* _Task directions_:
Each line of data below must be printed exactly as written, with any pictures removed.
"""
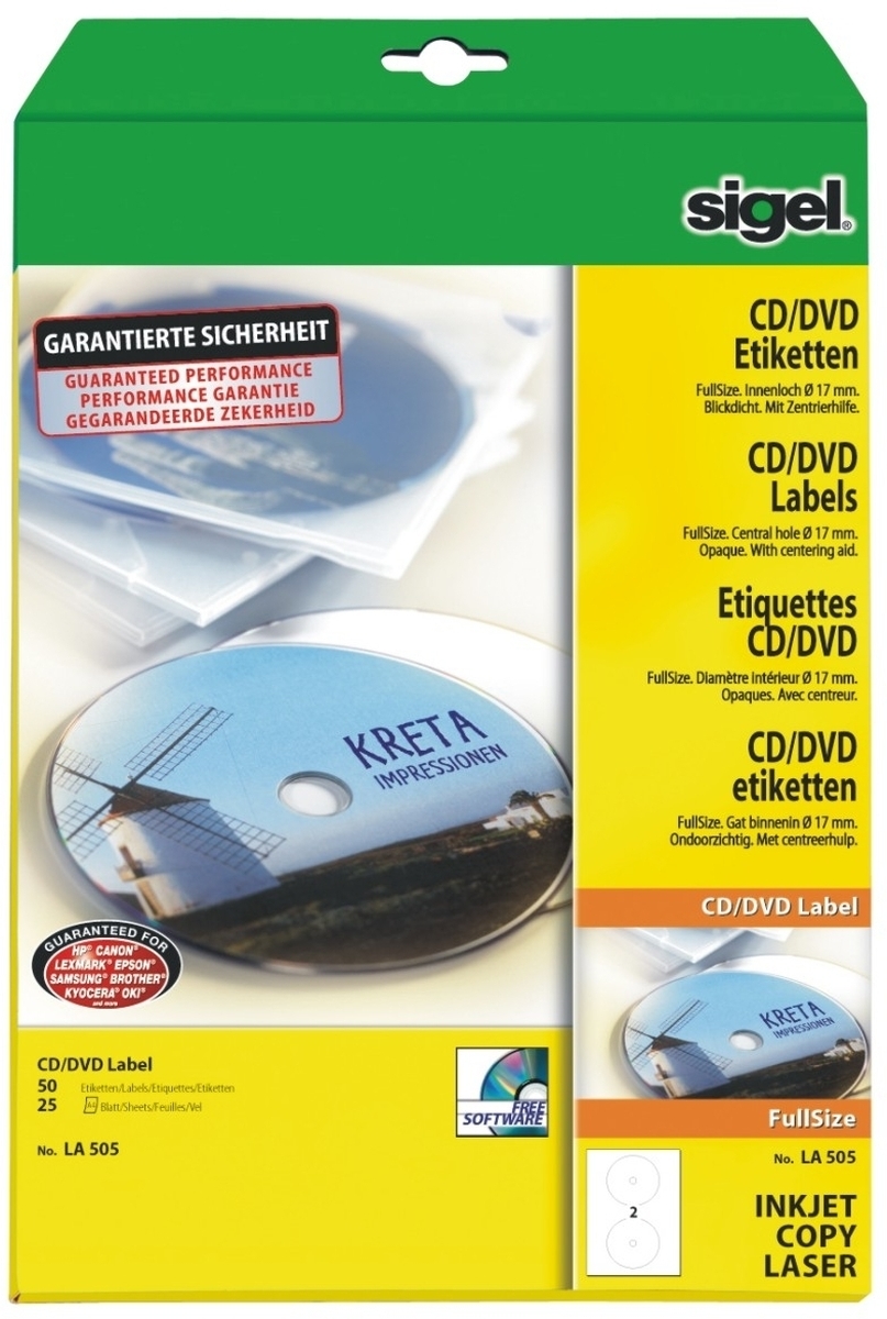 Sigel CD-/DVD-Etiketten Inkjet/Laser/Kopier 117mm VE=10x50 Stück (25 Blatt) weiß
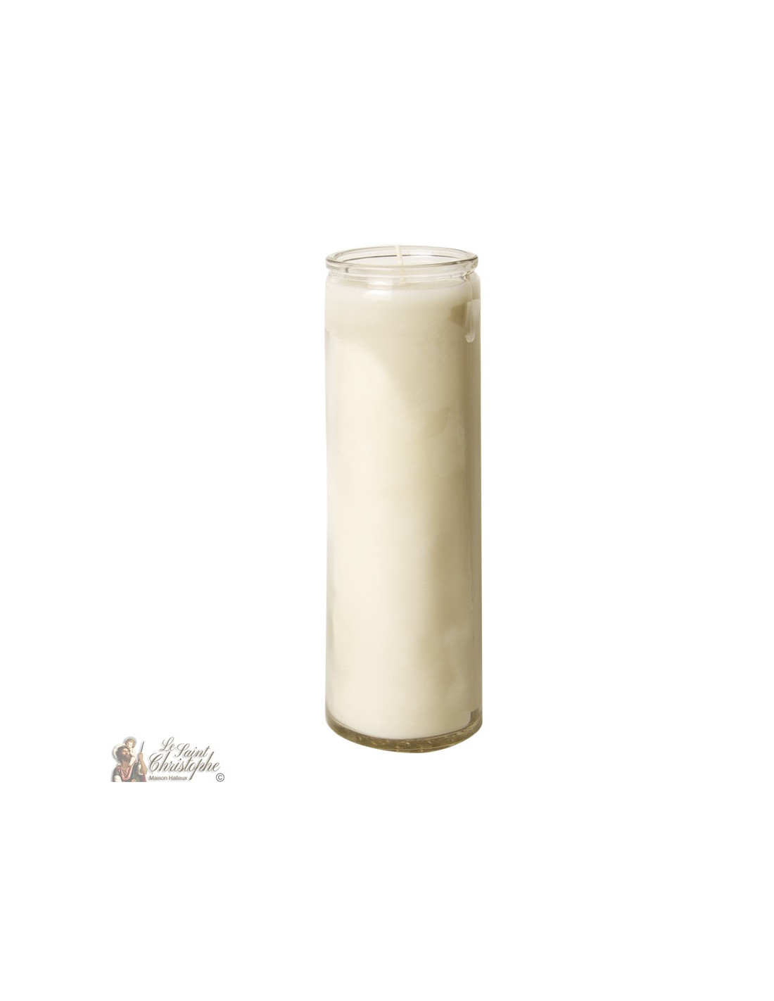 Candela in un solido contenitore di vetro, che brucia per un totale di 168 ore, pari a 7 giorni. La paraffina scorre all'interno del contenitore, dando un effetto fotoforo mentre brucia, con la fiamma che brilla attraverso il sottile strato di cera. La candela può essere utilizzata per il semplice piacere della decorazione o per scopi più spirituali come la preghiera, la meditazione o l'esoterismo.
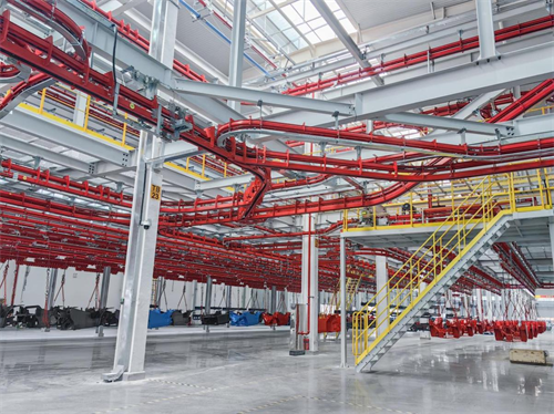 工厂的智能物流系统被工人们称为“最强大脑”。在总装区域,“空中输送+地面AGV”的立体物流模式高效运转:顶层轨道将车架、门架等大件精准送达二层平台;同时,30台地面AGV机器人根据订单优先级,灵活配送驱动桥、变速箱等各类零部件,实现“物料不落地、按需精准供应”。这背后是智能中控平台的统一调度,通过RFID扫描技术,系统能自动识别不同车型部件,并相应调整后续抛丸、喷涂等全流程工艺参数。
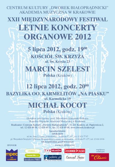 Centrum Kultury „Dworek Białoprądnicki” we współpracy z Akademią Muzyczną w Krakowie zaprasza na XXII Międzynarodowy Festiwal „Letnie Koncerty Organowe”. Koncerty odbywać się będą od 5 lipca do 9 sierpnia 2012 roku w każdy czwartek we wnętrzach najpiękniejszych krakowskich świątyń. Dyrektorem Artystycznym festiwalu jest prof. Mirosława Semeniuk-Podraza.
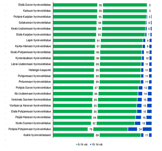 Av de uppgifter om besök hos primärvården som lämnats till Avohilmo-registret bildas databasrapporter om tillgången till vård. Av figur 1 framgår tillgången till öppen sjukvård inom primärvården i välfärdsområdena inom den längsta väntetiden på 14 dygn år 2024. Figuren omfattar alla åldersgrupper. I genomsnitt genomfördes 89 procent av besöken i välfärdsområdena inom den längsta väntetiden på 14 dygn.
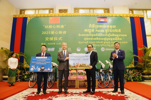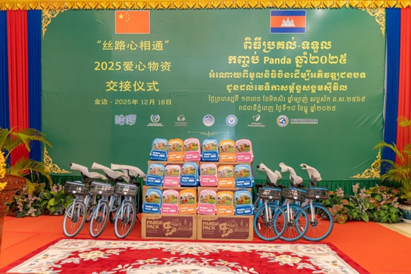 中国乡村发展基金会此次携手阿里巴巴公益、哈啰集团和中远海运慈善基金会,在柬发放2.16万套爱心包裹和2500辆爱心单车,将惠及金边、茶胶、磅通等13个省市。
"""
* _Task response_:
 Sigel CD-/DVD-Etiketten Inkjet/Laser/Kopier 117mm VE=10x50 Stück (25 Blatt) weiß
 Candela in un solido contenitore di vetro, che brucia per un totale di 168 ore, pari a 7 giorni. La paraffina scorre all'interno del contenitore, dando un effetto fotoforo mentre brucia, con la fiamma che brilla attraverso il sottile strato di cera. La candela può essere utilizzata per il semplice piacere della decorazione o per scopi più spirituali come la preghiera, la meditazione o l'esoterismo.
 工厂的智能物流系统被工人们称为“最强大脑”。在总装区域,“空中输送+地面AGV”的立体物流模式高效运转:顶层轨道将车架、门架等大件精准送达二层平台;同时,30台地面AGV机器人根据订单优先级,灵活配送驱动桥、变速箱等各类零部件,实现“物料不落地、按需精准供应”。这背后是智能中控平台的统一调度,通过RFID扫描技术,系统能自动识别不同车型部件,并相应调整后续抛丸、喷涂等全流程工艺参数。
 Centrum Kultury „Dworek Białoprądnicki” we współpracy z Akademią Muzyczną w Krakowie zaprasza na XXII Międzynarodowy Festiwal „Letnie Koncerty Organowe”. Koncerty odbywać się będą od 5 lipca do 9 sierpnia 2012 roku w każdy czwartek we wnętrzach najpiękniejszych krakowskich świątyń. Dyrektorem Artystycznym festiwalu jest prof. Mirosława Semeniuk-Podraza.
 Av de uppgifter om besök hos primärvården som lämnats till Avohilmo-registret bildas databasrapporter om tillgången till vård. Av figur 1 framgår tillgången till öppen sjukvård inom primärvården i välfärdsområdena inom den längsta väntetiden på 14 dygn år 2024. Figuren omfattar alla åldersgrupper. I genomsnitt genomfördes 89 procent av besöken i välfärdsområdena inom den längsta väntetiden på 14 dygn.
 中国乡村发展基金会此次携手阿里巴巴公益、哈啰集团和中远海运慈善基金会,在柬发放2.16万套爱心包裹和2500辆爱心单车,将惠及金边、茶胶、磅通等13个省市。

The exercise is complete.